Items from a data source
☆ ☆ ☆ ☆ ☆ ☆ ☆
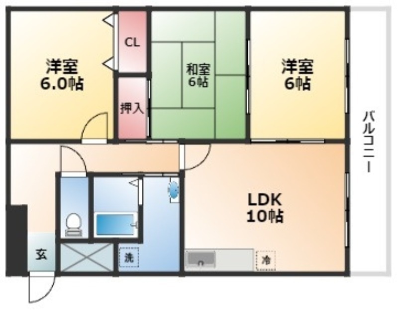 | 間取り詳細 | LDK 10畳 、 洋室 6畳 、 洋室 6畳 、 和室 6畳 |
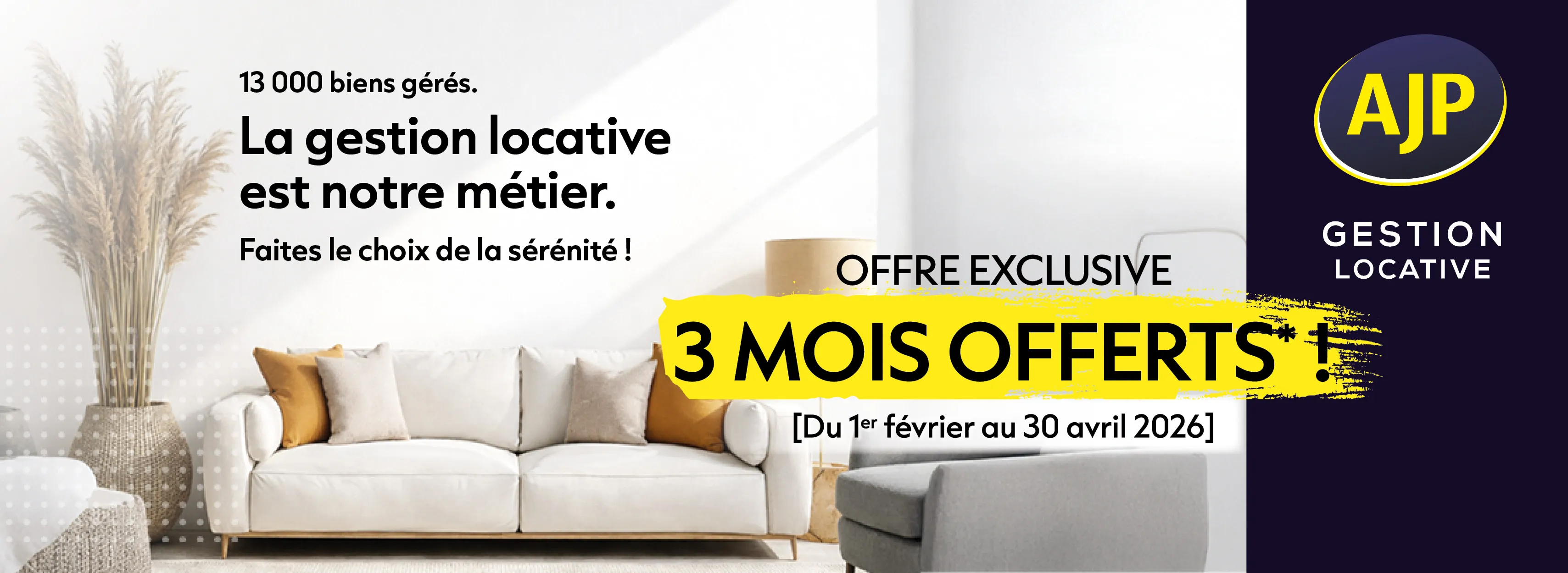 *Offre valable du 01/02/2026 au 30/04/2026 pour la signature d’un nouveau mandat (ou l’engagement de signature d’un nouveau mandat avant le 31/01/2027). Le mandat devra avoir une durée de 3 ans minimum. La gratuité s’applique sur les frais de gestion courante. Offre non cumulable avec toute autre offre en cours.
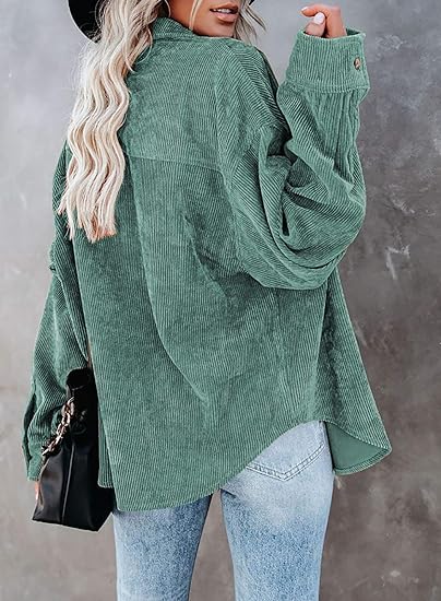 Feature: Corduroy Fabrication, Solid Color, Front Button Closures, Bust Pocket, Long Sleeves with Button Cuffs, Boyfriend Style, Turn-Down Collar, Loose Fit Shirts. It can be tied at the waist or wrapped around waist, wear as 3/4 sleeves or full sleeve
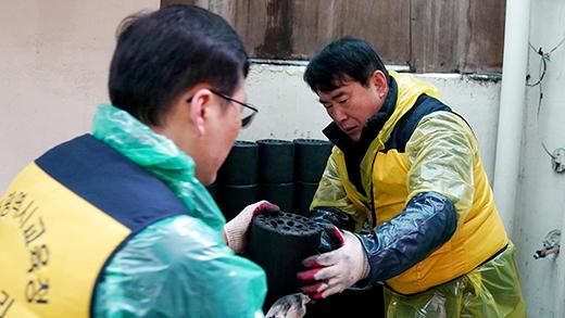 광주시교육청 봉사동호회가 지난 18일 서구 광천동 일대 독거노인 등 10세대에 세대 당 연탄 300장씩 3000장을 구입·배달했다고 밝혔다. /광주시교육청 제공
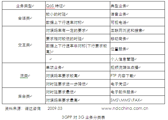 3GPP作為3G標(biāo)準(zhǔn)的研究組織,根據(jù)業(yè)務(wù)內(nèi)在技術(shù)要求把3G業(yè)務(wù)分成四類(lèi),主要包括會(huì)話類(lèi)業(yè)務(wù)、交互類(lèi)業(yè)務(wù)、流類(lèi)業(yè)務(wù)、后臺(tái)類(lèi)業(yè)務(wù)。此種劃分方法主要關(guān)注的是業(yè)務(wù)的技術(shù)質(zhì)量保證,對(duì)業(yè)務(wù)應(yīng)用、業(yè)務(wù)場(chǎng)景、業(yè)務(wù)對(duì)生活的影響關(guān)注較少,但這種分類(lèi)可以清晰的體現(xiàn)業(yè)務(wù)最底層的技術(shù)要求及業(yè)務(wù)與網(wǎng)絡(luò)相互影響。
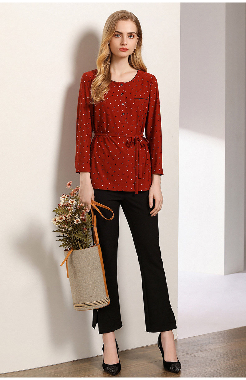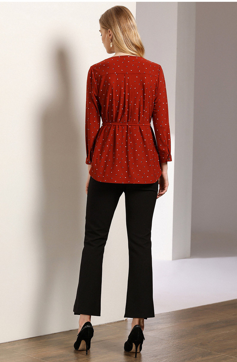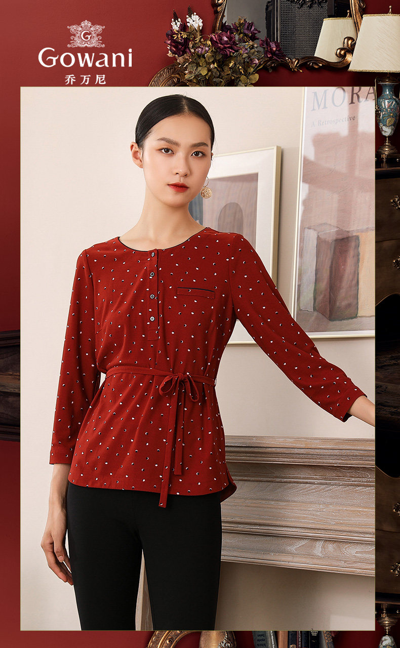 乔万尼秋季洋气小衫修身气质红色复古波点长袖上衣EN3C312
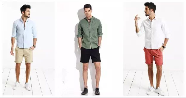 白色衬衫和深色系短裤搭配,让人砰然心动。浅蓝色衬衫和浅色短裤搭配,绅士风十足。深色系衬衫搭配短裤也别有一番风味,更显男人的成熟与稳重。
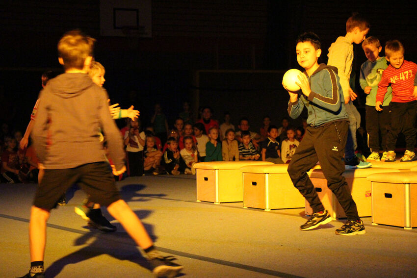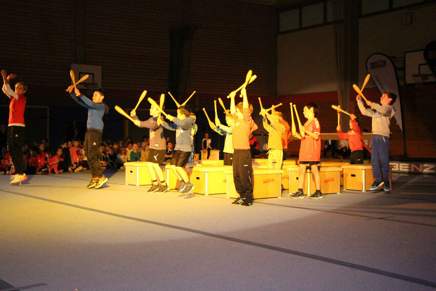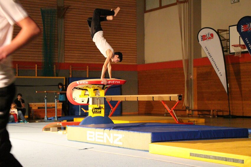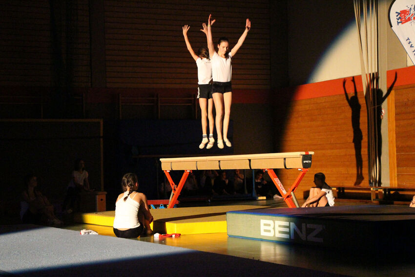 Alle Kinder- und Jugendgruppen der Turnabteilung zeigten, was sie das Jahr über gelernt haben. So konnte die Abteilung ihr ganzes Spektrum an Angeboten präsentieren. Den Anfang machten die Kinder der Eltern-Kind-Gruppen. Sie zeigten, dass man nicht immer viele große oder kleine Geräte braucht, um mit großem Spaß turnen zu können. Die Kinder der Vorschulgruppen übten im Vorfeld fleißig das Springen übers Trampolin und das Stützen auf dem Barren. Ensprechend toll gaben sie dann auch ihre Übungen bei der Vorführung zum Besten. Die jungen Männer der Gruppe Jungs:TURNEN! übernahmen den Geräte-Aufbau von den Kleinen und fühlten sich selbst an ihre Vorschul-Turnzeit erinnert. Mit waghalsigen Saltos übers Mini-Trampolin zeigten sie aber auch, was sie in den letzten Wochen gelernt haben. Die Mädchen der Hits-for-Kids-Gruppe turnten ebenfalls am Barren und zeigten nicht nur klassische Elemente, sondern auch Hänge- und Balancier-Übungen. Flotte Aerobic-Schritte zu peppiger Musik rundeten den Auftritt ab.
☆ ☆ ☆ ☆ ☆ ☆ ☆
Reproduce the whole of the data, word for word, and omit its pictures.

 | 間取り詳細 | LDK 10畳 、 洋室 6畳 、 洋室 6畳 、 和室 6畳 |
 *Offre valable du 01/02/2026 au 30/04/2026 pour la signature d’un nouveau mandat (ou l’engagement de signature d’un nouveau mandat avant le 31/01/2027). Le mandat devra avoir une durée de 3 ans minimum. La gratuité s’applique sur les frais de gestion courante. Offre non cumulable avec toute autre offre en cours.
 Feature: Corduroy Fabrication, Solid Color, Front Button Closures, Bust Pocket, Long Sleeves with Button Cuffs, Boyfriend Style, Turn-Down Collar, Loose Fit Shirts. It can be tied at the waist or wrapped around waist, wear as 3/4 sleeves or full sleeve
 광주시교육청 봉사동호회가 지난 18일 서구 광천동 일대 독거노인 등 10세대에 세대 당 연탄 300장씩 3000장을 구입·배달했다고 밝혔다. /광주시교육청 제공
 3GPP作為3G標(biāo)準(zhǔn)的研究組織,根據(jù)業(yè)務(wù)內(nèi)在技術(shù)要求把3G業(yè)務(wù)分成四類(lèi),主要包括會(huì)話類(lèi)業(yè)務(wù)、交互類(lèi)業(yè)務(wù)、流類(lèi)業(yè)務(wù)、后臺(tái)類(lèi)業(yè)務(wù)。此種劃分方法主要關(guān)注的是業(yè)務(wù)的技術(shù)質(zhì)量保證,對(duì)業(yè)務(wù)應(yīng)用、業(yè)務(wù)場(chǎng)景、業(yè)務(wù)對(duì)生活的影響關(guān)注較少,但這種分類(lèi)可以清晰的體現(xiàn)業(yè)務(wù)最底層的技術(shù)要求及業(yè)務(wù)與網(wǎng)絡(luò)相互影響。
 乔万尼秋季洋气小衫修身气质红色复古波点长袖上衣EN3C312
 白色衬衫和深色系短裤搭配,让人砰然心动。浅蓝色衬衫和浅色短裤搭配,绅士风十足。深色系衬衫搭配短裤也别有一番风味,更显男人的成熟与稳重。
 Alle Kinder- und Jugendgruppen der Turnabteilung zeigten, was sie das Jahr über gelernt haben. So konnte die Abteilung ihr ganzes Spektrum an Angeboten präsentieren. Den Anfang machten die Kinder der Eltern-Kind-Gruppen. Sie zeigten, dass man nicht immer viele große oder kleine Geräte braucht, um mit großem Spaß turnen zu können. Die Kinder der Vorschulgruppen übten im Vorfeld fleißig das Springen übers Trampolin und das Stützen auf dem Barren. Ensprechend toll gaben sie dann auch ihre Übungen bei der Vorführung zum Besten. Die jungen Männer der Gruppe Jungs:TURNEN! übernahmen den Geräte-Aufbau von den Kleinen und fühlten sich selbst an ihre Vorschul-Turnzeit erinnert. Mit waghalsigen Saltos übers Mini-Trampolin zeigten sie aber auch, was sie in den letzten Wochen gelernt haben. Die Mädchen der Hits-for-Kids-Gruppe turnten ebenfalls am Barren und zeigten nicht nur klassische Elemente, sondern auch Hänge- und Balancier-Übungen. Flotte Aerobic-Schritte zu peppiger Musik rundeten den Auftritt ab.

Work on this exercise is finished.